Task brief: Print out every line of the material exactly. Include no pictures.

Start of Given records

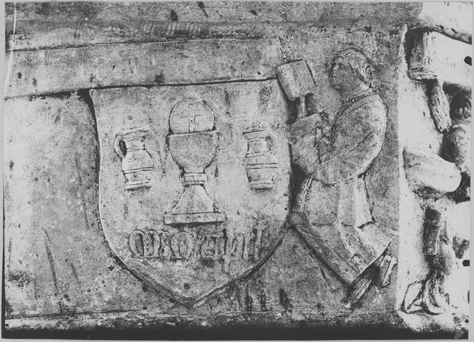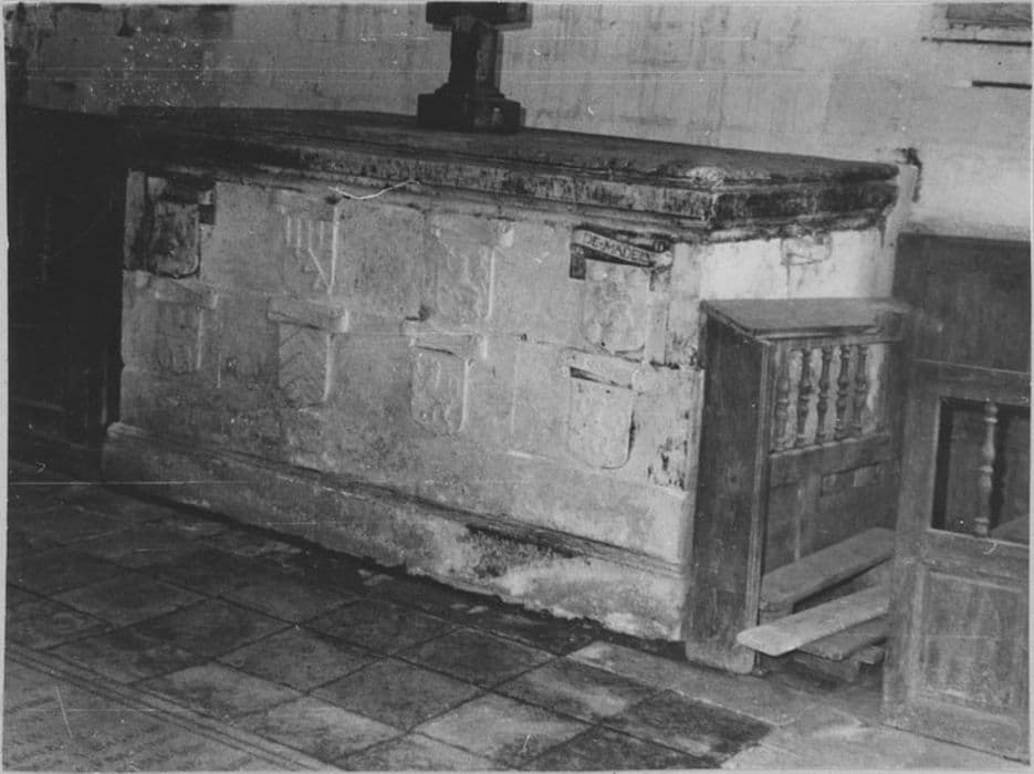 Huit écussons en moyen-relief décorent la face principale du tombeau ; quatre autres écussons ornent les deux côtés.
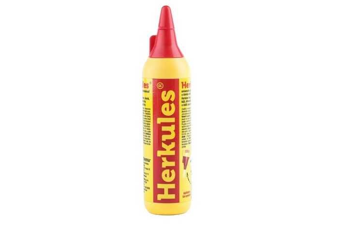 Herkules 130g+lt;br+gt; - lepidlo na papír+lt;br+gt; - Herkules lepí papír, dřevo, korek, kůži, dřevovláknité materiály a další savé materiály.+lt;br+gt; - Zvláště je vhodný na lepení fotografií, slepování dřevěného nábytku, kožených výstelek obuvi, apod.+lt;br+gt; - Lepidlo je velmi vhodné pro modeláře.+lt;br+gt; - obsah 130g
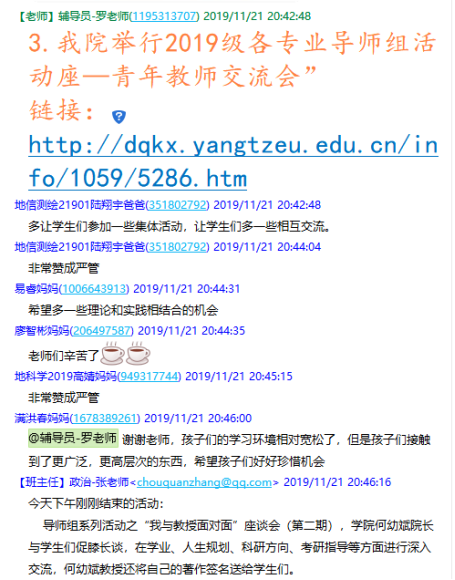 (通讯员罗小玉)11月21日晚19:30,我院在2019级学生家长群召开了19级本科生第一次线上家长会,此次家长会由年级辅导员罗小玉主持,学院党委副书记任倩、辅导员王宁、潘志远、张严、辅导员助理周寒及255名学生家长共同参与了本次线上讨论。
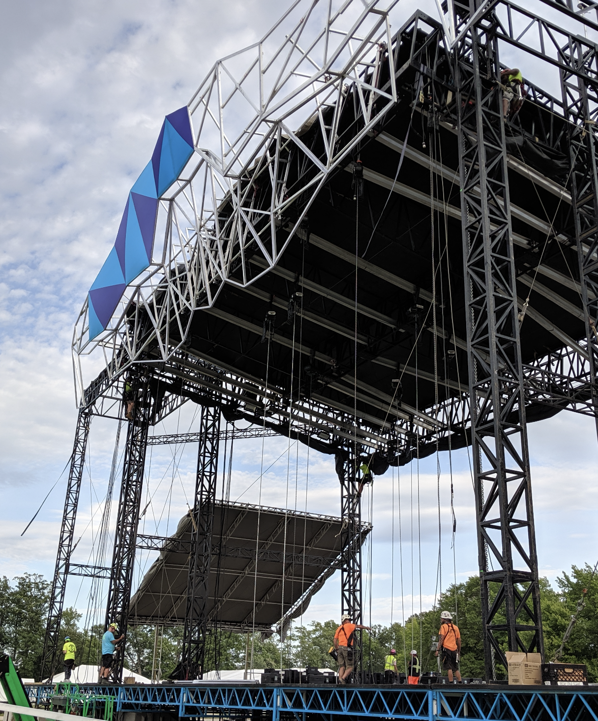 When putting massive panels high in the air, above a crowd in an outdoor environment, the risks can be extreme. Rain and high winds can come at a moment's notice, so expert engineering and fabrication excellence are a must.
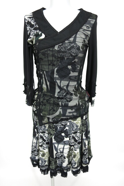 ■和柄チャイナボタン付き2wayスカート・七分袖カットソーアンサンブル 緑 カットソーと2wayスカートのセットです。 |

End of Given records

Task output:
 Huit écussons en moyen-relief décorent la face principale du tombeau ; quatre autres écussons ornent les deux côtés.
 Herkules 130g+lt;br+gt; - lepidlo na papír+lt;br+gt; - Herkules lepí papír, dřevo, korek, kůži, dřevovláknité materiály a další savé materiály.+lt;br+gt; - Zvláště je vhodný na lepení fotografií, slepování dřevěného nábytku, kožených výstelek obuvi, apod.+lt;br+gt; - Lepidlo je velmi vhodné pro modeláře.+lt;br+gt; - obsah 130g
 (通讯员罗小玉)11月21日晚19:30,我院在2019级学生家长群召开了19级本科生第一次线上家长会,此次家长会由年级辅导员罗小玉主持,学院党委副书记任倩、辅导员王宁、潘志远、张严、辅导员助理周寒及255名学生家长共同参与了本次线上讨论。
 When putting massive panels high in the air, above a crowd in an outdoor environment, the risks can be extreme. Rain and high winds can come at a moment's notice, so expert engineering and fabrication excellence are a must.
 ■和柄チャイナボタン付き2wayスカート・七分袖カットソーアンサンブル 緑 カットソーと2wayスカートのセットです。 |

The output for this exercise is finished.